Parallèlement à ces études de nombreuses études indépendantes voir liste établie par TESLABEL : http://www.teslabel.be/outils/428-etudes-prouvant-la-nocivite-des-antennes-relais affichent des résultats contradictoires et alarmants. Ces études sont systématiquement déboulonnées par les instances officielles car taxées de non-scientifiques (échantillonnage insuffisant, non reproductibles, travers méthodologiques, …), intéressées (rapport bio-initiative) ou frauduleuses (rapport REFLEX). On constate également un plus grand nombre de plaintes au niveau du public auprès des EHS auxquels on conseille une prise en charge multidisciplinaire avec une prédilection pour les approches cognitives. Les conclusions de Cancer-environnement sont pour le moins équivoque sur la question :

« L’Agence estime que si les sources d’exposition aux CEM-EBF sont connues, l’exposition qui en résulte est encore insuffisamment documentée, bien que des appareils permettent de quantifier l’exposition individuelle aux différentes sources dans les activités quotidiennes. Pour mesurer cette exposition, pour les fréquences inférieures à 100 kHz, on utilise l’induction de courant électrique (on mesure l’intensité du courant induit dans les tissus, en Ampères/m²). S’agissant des effets sanitaires, ceux à court terme sont connus et on sait s’en protéger en appliquant une valeur limite d’exposition (100µT pour 50Hz). Une réserve est cependant faite à propos de l’hypersensibilité pour laquelle les données actuelles ne permettent pas d’établir de relation de cause à effet.

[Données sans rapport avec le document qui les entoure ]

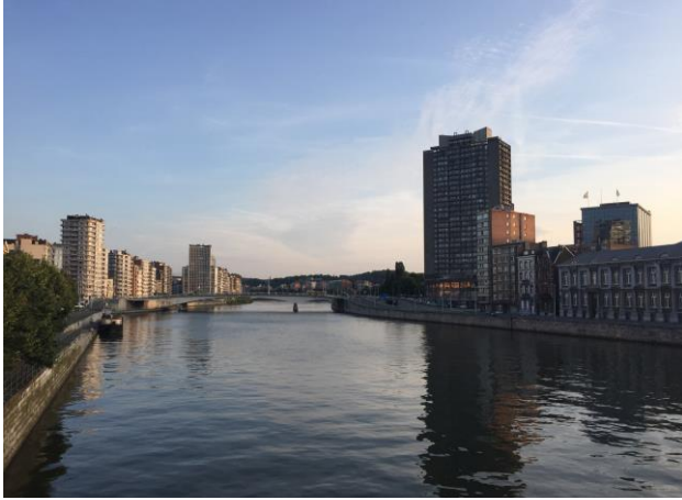
City of Liège in Belgium

Les connaissances épidémiologiques et biologiques des effets à long terme sont en revanche contrastées. Les études épidémiologiques font apparaître un lien entre les leucémies infantiles et les expositions à des CEM-EBF. L’association est « statistiquement significative pour une exposition résidentielle, moyennée sur 24 h, à des champs magnétiques dont les niveaux sont supérieurs à 0,2 ou à 0,4 µT, selon les études ». L’ignorance des mécanismes biologiques sous-tendant ce lien constitue « un défi à la compréhension des questions soulevées par les résultats des études épidémiologiques » (Afsset, 2010). Les cancers sont les seules pathologies pour lesquelles est établie une relation statistique avec ces CEM, hormis l’hypothèse, qu’on ne peut pas écarter, de leur implication dans les maladies d’Alzheimer et de sclérose latérale amyotrophique, rapportée dans une méta-analyse d’expositions professionnelles (Garcia, 2008). »

En allant plus loin dans ces lectures, on constate même que le principe de précaution est aussi remis en question.

Tous ces progrès technologiques en développement 5G, recharge par induction des appareils sont des marchés potentiels gigantesques pour les industriels et le risque humain est  un risque négligeable à leurs yeux. Ils définissent les normes, infiltrent via leur lobby les instances nationales et internationales, concrétisent ainsi en loi, décret ou recommandations leurs limites technologiques et financières et font appliquer l’ensemble par les institutions, les gouvernements, les fonctionnaires et les autorités sanitaires.

Les fonctionnaires ou le médecin en bout de ligne ne font qu’exécuter aveuglément les règles et formatages ainsi imposés. Si tu dévies d’un pouce (professeur Belpomme et docteur Milbert), tu es immédiatement rappelé à l’ordre.

A qui profite le crime ? pas aux scientifiques indépendants, pas aux EHS, pas aux malades alors à qui ? Répondre à cette question c’est renoncer à un confort de vie créé artificiellement et rentré dans les moeurs et habitudes. Pas d’antennes, pas de GSM à moins de mettre en place un autre outil.